Calculator Inputs
Enter priors and evidence likelihoods for two competing hypotheses. Leave Prior P(H0) blank if you want the calculator to use 1 − P(H1).
Example Data Table
| Scenario | Prior P(H1) | Prior P(H0) | P(E|H1) | P(E|H0) | Bayes Factor | Posterior Ratio | Posterior P(H1) |
|---|---|---|---|---|---|---|---|
| Positive diagnostic test | 0.15 | 0.85 | 0.92 | 0.08 | 11.500000 | 2.029412 | 0.669903 |
| Fraud detection alert | 0.05 | 0.95 | 0.80 | 0.10 | 8.000000 | 0.421053 | 0.296296 |
| Manufacturing defect signal | 0.20 | 0.80 | 0.70 | 0.25 | 2.800000 | 0.700000 | 0.411765 |
These examples show how the same evidence can move posterior support differently when prior beliefs and false-positive rates change.
Formula Used
Prior Odds = P(H1) / P(H0)
Bayes Factor = P(E | H1) / P(E | H0)
Posterior Ratio = Posterior Odds = Prior Odds × Bayes Factor
P(H1 | E) = [P(E | H1) × P(H1)] / {[P(E | H1) × P(H1)] + [P(E | H0) × P(H0)]}P(H0 | E) = 1 − P(H1 | E)
log10 Posterior Ratio = log10(P(H1 | E) / P(H0 | E))ln Posterior Ratio = ln(P(H1 | E) / P(H0 | E))
How to Use This Calculator
- Select whether your inputs are decimals or percentages.
- Name the competing hypotheses and the observed evidence.
- Enter the prior probability for H1, and optionally H0.
- Enter the evidence likelihood under both hypotheses.
- Choose your preferred decimal precision and submit the form.
- Review posterior odds, posterior probabilities, and interpretation.
- Download a CSV file for spreadsheet work or generate a PDF report.
Frequently Asked Questions
1. What does the posterior probability ratio measure?
It compares the updated support for one hypothesis against another after evidence is observed. A value above one favors H1, while a value below one favors H0.
2. How is this different from a posterior probability?
Posterior probability gives the updated probability of one hypothesis alone. Posterior ratio compares both hypotheses directly and is useful for odds-based interpretation and decision thresholds.
3. Why do prior probabilities matter so much?

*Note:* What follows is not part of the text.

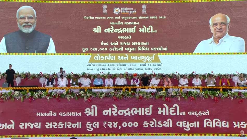 - प्रधानमंत्री नरेन्द्र मोदी ने गुजरात के दाहोद में 24,000 करोड़ रुपये से अधिक की लागत वाली विभिन्न विकास परियोजनाओं का शिलान्यास, उद्घाटन और लोकार्पण किया
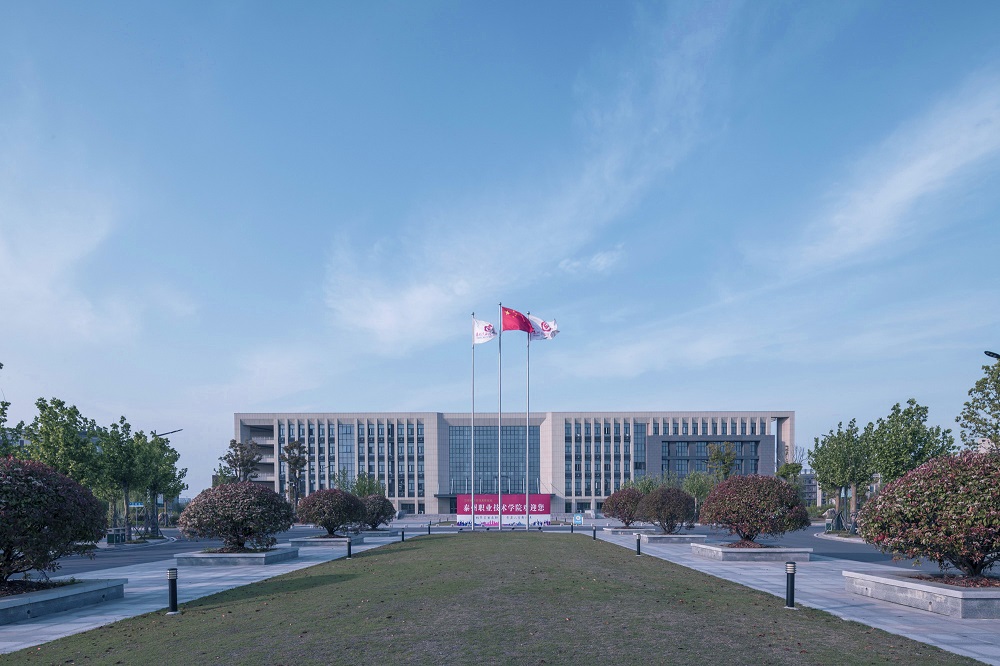 本項目為泰州職業技術學院中國醫藥城新校區規劃與建筑方案。選址于泰州中國醫藥城境內。規劃用地面積約1061 畝。設計規劃在校學生10000人,教職員工670 余人。實際用地面積約54萬平方米,一期設計總建筑面積約27.98萬平方米。實際本單位完成施工圖涵蓋建筑面積約16.54萬平方米。

Priors encode what was believed before the new evidence arrived. Strong evidence can shift beliefs sharply, but weak evidence may not overturn a highly skeptical starting position.
4. What is the Bayes factor in this calculator?
The Bayes factor is the likelihood ratio. It measures how much more compatible the evidence is with H1 than with H0 before the prior odds are applied.
5. Can I leave P(H0) empty?
Yes. If you leave it blank, the calculator automatically sets P(H0) equal to 1 minus P(H1). This is useful for two-hypothesis comparisons.
6. What happens if P(E|H0) is zero?
The likelihood ratio becomes infinite when P(E|H1) remains positive. That means the evidence perfectly excludes H0 under the supplied model assumptions.
7. When should I use log posterior ratios?
Log ratios are useful when odds span many orders of magnitude. They make extreme support easier to compare, plot, and communicate in modeling workflows.
8. Is this calculator suitable for diagnostics and classification?
Yes. It is useful for diagnostics, fraud screening, anomaly detection, A/B testing interpretation, and any setting where evidence updates beliefs between competing hypotheses.